На краю Дикого Поля (СИ) - Ежов Сергей (читать книги без .TXT) 📗
И мы не подвели ожиданий: через полчаса грянул и третий выстрел, а больше ядер и пороха мы с собой не брали.
Повторяю: профессионалы мгновенно оценили произошедшее на их глазах, и у Ивана Васильевича появился в руках такой козырь... Такой... Впрочем, я верю, что великий человек использует этот козырь с высочайшей эффективностью.
А напоследок мы преподнесли ещё один сюрприз: сняли парусиновый чехол с царского паромобиля, который скромно приехал вслед за тягачом, и не привлекая внимания отстоял в сторонке все стрельбы.
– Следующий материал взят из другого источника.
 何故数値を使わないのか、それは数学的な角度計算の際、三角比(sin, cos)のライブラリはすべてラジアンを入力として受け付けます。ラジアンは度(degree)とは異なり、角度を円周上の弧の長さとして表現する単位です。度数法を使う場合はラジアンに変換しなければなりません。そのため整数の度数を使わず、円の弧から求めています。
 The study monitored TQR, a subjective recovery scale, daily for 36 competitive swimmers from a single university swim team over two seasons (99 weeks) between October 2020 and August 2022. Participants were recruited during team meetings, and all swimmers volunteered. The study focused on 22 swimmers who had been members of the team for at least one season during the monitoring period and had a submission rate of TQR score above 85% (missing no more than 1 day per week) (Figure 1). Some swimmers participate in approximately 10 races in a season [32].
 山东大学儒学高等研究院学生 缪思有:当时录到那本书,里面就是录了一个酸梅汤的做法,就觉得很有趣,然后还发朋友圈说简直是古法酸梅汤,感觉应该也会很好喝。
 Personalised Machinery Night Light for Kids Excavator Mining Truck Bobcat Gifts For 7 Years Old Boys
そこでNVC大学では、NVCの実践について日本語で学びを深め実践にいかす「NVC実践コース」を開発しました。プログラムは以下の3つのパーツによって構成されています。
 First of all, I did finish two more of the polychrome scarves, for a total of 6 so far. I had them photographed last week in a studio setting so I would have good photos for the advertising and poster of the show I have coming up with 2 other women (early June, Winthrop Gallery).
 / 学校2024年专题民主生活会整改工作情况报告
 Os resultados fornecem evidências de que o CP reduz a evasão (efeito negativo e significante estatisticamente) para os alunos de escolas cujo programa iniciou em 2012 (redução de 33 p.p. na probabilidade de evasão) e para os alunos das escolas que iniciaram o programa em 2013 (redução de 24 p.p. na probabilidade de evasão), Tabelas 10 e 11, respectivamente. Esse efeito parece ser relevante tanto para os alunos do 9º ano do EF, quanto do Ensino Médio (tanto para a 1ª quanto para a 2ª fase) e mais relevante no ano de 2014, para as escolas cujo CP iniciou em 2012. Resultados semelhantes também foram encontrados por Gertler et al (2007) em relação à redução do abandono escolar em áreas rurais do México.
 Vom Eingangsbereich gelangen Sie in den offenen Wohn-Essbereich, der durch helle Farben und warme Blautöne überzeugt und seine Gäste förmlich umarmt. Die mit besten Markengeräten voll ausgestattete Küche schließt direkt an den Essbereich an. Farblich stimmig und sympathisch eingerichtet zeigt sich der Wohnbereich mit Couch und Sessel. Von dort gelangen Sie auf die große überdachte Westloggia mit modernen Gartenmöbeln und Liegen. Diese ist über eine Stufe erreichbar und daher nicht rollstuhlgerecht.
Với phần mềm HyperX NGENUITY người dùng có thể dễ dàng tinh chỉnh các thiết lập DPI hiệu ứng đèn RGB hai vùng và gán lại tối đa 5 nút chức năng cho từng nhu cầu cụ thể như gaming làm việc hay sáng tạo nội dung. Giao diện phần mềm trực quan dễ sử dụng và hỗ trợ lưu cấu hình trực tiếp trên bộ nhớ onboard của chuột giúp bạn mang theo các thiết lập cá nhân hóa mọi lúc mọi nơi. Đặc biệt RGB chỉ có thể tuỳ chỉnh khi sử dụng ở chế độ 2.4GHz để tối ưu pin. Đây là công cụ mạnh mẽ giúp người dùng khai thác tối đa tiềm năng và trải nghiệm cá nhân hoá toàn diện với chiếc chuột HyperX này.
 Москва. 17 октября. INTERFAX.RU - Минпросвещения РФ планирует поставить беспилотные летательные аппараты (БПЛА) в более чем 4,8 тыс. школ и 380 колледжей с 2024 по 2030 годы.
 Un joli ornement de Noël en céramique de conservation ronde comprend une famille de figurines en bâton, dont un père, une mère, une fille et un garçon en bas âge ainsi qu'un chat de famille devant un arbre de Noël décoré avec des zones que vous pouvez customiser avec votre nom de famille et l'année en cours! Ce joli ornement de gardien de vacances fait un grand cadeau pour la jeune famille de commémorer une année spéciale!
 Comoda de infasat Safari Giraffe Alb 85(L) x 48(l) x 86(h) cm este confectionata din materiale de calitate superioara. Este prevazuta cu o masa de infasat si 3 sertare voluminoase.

Ну что же, пришел и его звёздный час.
Иван Васильевич лично подвёл гостей к паромобилю, рядом с которым стояли князь Гундоров, Орлик и я.
- Благодарю за радение, мои верные слуги - обратился к нам царь - завтра, князь Давыд Васильевич, после обедни, приводи всех причастных к созиданию сего чуда ко мне, буду вас жаловать.
Мы низко склонились перед царём: нас только что пожаловали едва ли не высшим чином в Русском царстве: царёвыми слугами!
После этого Иван Васильевич повернулся к почётным гостям, и пригласил их войти. По лесенке они поднялись в салон, дверь закрылась, и под восторженный рёв трибун и склона паромобиль сделал несколько кругов по полю. На этом мероприятие, в сущности и закончилось. Царский поезд выстроился в обратном порядке, только Иван Васильевич с гостями ехал уже не в ландо, а в паромобиле.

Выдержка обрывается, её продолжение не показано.